| Problem statement |
Reproduce, word for word, the lines in the material below starting with the one that has "Направляющие для выдвижных" and going on through the one that has "Dibuja y Colorea". Leave out all pictures.

| Data for analysis |
────────────────────
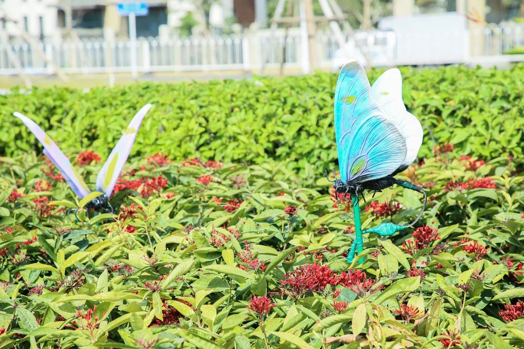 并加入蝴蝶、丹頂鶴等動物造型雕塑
────────────────────
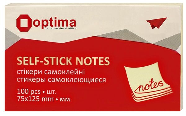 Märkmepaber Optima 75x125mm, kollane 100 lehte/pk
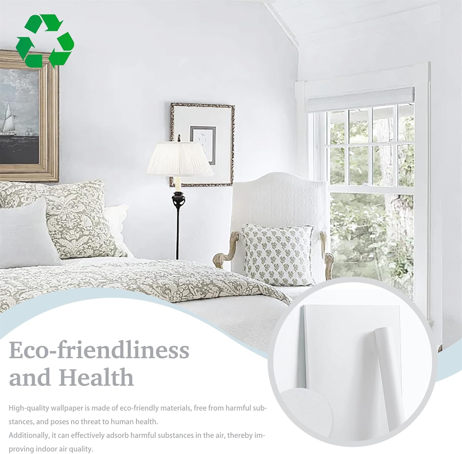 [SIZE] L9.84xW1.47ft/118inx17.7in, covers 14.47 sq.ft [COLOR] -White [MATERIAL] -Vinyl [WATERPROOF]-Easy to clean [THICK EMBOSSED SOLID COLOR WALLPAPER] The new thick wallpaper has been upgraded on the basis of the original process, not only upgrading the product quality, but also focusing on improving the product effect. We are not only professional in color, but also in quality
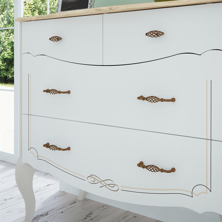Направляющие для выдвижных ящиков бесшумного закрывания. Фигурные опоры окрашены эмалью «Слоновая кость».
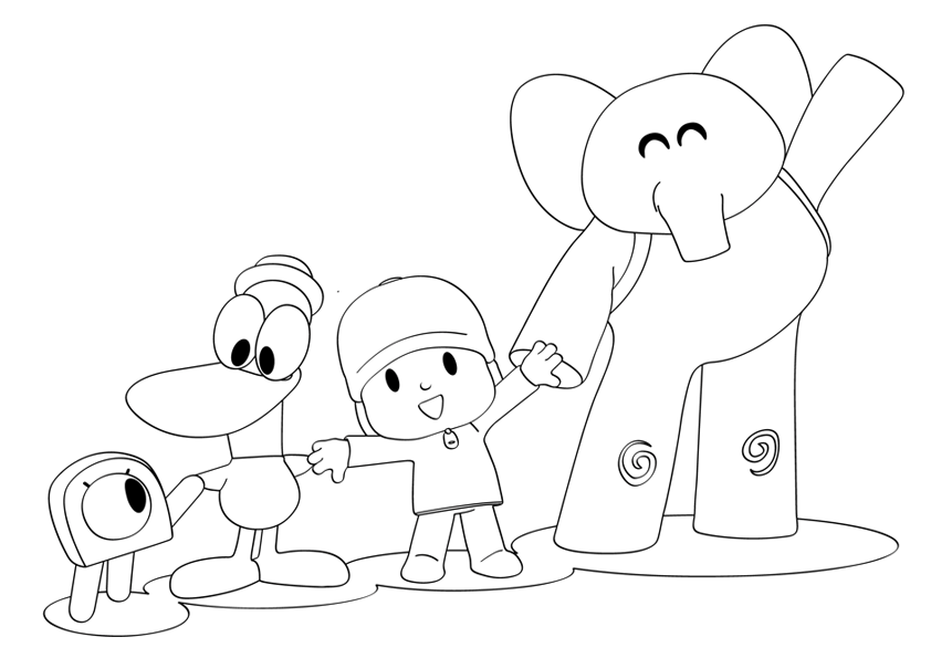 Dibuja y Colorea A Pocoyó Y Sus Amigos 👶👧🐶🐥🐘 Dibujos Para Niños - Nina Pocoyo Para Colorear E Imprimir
────────────────────
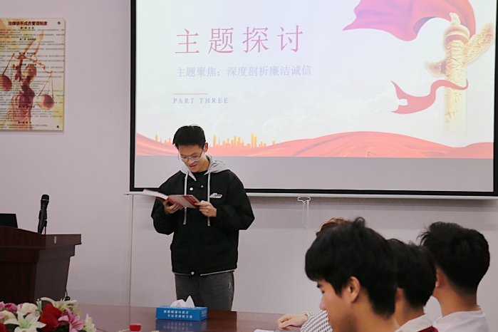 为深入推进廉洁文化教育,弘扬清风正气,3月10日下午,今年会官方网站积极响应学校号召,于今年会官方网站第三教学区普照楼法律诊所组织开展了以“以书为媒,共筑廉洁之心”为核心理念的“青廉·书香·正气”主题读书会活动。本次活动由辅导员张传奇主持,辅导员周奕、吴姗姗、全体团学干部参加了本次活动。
────────────────────
| Answer box |
Направляющие для выдвижных ящиков бесшумного закрывания. Фигурные опоры окрашены эмалью «Слоновая кость».
 Dibuja y Colorea A Pocoyó Y Sus Amigos 👶👧🐶🐥🐘 Dibujos Para Niños - Nina Pocoyo Para Colorear E Imprimir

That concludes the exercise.